The most complex part of machine learning is creating a model that describes the kind of analysis we want to implement. Understanding how to create a machine learning model is out of scope for this post and, likely, also for your skills. Creating and understanding machine learning models, in fact, requires skills which go far beyond being a good developer. Mastering data science, math and statistics is the key to create a good model. As such, as a developer, most of the times your main job will be to consume machine learning models that have been delivered to you by a data scientist or a similar role figure.

In my case, I'm not a data scientist and unfortunately I can't even count one of them among my friends or colleagues. Should I give up? Absolutely not! Let's call Custom Vision to the rescue!

Custom Vision is part of the Cognitive Services family and you can use it to create and train a computer vision model which perfectly fits your needs. You just need to upload a set of images with the content you would like to recognize, tag them and then start the training. By default, the output of the process is exposed using a REST API, which you can call from any kind of application (desktop, web, mobile, etc.): you pass as input the image and you get as output a numeric value, which tells you how much the service is confident that the image contains one of the objects you have tagged. However, being a REST service, it works only online, which kind of defeats our purpose of building an app for the Intelligent Edge ecosystem.

Custom Vision, however, offers also the option to export the trained model in various formats, so that you can include it in your applications. One of the supported formats is ONNX, an open ecosystem for interchangeable AI models, which has been embraced by WinML and it’s supported by the biggest players in the market like, other than Microsoft, Amazon, Facebook, AMD, Intel, Nvidia, etc. Starting from the latest version of Visual Studio and the Windows 10 SDK, you can just include an ONNX file in your project and the tool will take care of generating a proxy class to interact with the model in a declarative way.

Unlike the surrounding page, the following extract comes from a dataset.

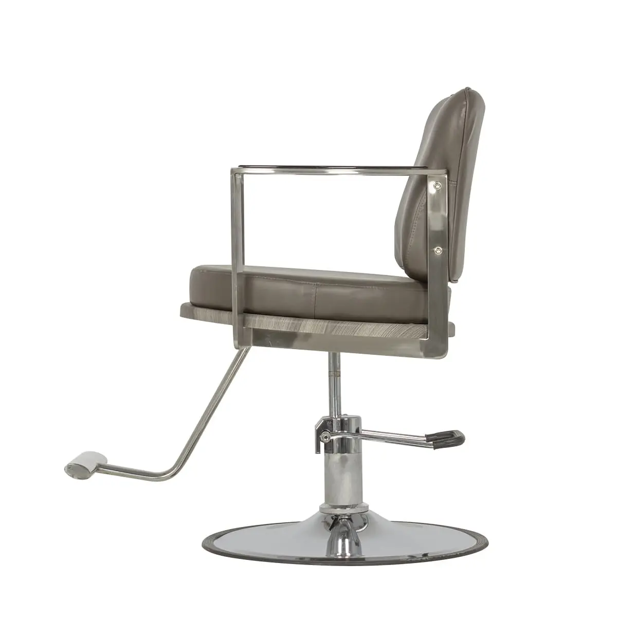 Каркас парикмахерского оборудования выполнен из прочного металла и установлен на устойчивую круглую базу из хромированной стали. Каркас из металла надежен и выгодно подчеркивает стиль кресла. Для предотвращения скольжения и царапин на полу, на основании предусмотрена качественная резиновая накладка.

Let's see how to create a model using the Custom Vision service and export it. In this sample, we're going to train a model to recognize planes in a photo, since my daughter loves planes and recently I’m flying a lot Smile. First login to https://customvision.ai with your Azure account. You will have the option to create, for free, a trial project, which has some limitations in terms of images that you can upload, REST API calls you can make, etc. However, for our testing purposes it's perfectly suitable.

image

Click on the New Project button and you’ll be asked some information:

image

Name and description are up to you. What’s important is that you keep Project Types to Classification and, under Domains, you choose one of the options described as compact. They’re the ones, in fact, that support ONNX exporting. In my case, I simply went with General (compact).

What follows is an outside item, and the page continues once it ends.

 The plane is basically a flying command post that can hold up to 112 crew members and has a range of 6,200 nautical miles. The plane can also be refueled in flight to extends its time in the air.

Now it’s time to train the model! The main dashboard is made by three different sections: Training Images, Performance and Predictions.

image

Let’s start with the Training Images one. At first the section will be empty and you will have the option to start uploading some images, thanks to a wizard triggered by pressing on the Add images option. In the first step, you can look for some images on your computer that contain the object you want to recognize. In my case, I uploaded 4-5 photos of planes. In the second step you’re asked to tag the images with one of more keywords that describe the object you want to recognize. In my case, I set plane as a keyword.

image image

Complete the wizard and you’re all set! Now you can press the Train button at the top to start the training, given the images you have uploaded. After a while, you will see the result in the Performance section, which will tell you for each tag its Precision (how likely the prediction of the tag in the photo is right) and Recall (out of the tags which should be predicted correctly, what percentage did your model find?).

image

Now that the model has been trained, you can put it to test thanks to the Predictions section. You will be provided with a prediction endpoint which supports REST calls, but the easiest way is to use the Quick test option.

image

Here you can upload a local image or specify the URL of an online image. The tool will process the image using your model and will give you a probability score for each tag you have created. In case the result isn’t satisfying, you can use the image to further train the model. The image, in fact, will be stored in the Predictions section and you’ll be able to click on it and tag it, like you did during the training. After you have saved the result, you can click again on the Train button to generate an improved model.

Import the model in Visual Studio

When you are satisfied by your model, we can move to the second phase: importing it inside a Windows application. In the Performance section you will find, at the top, an option called Export.

image

Click on it and choose ONNX (Windows ML). Then press the Download button and save the .onnx file on your machine. The name of the file won’t be very meaningful (it will be something like 9b0c0651fb87440bb67ee2aa20fc1fef.onnx), so before adding it to Visual Studio rename it with something better (in my case, I renamed it PlanesModel.onnx).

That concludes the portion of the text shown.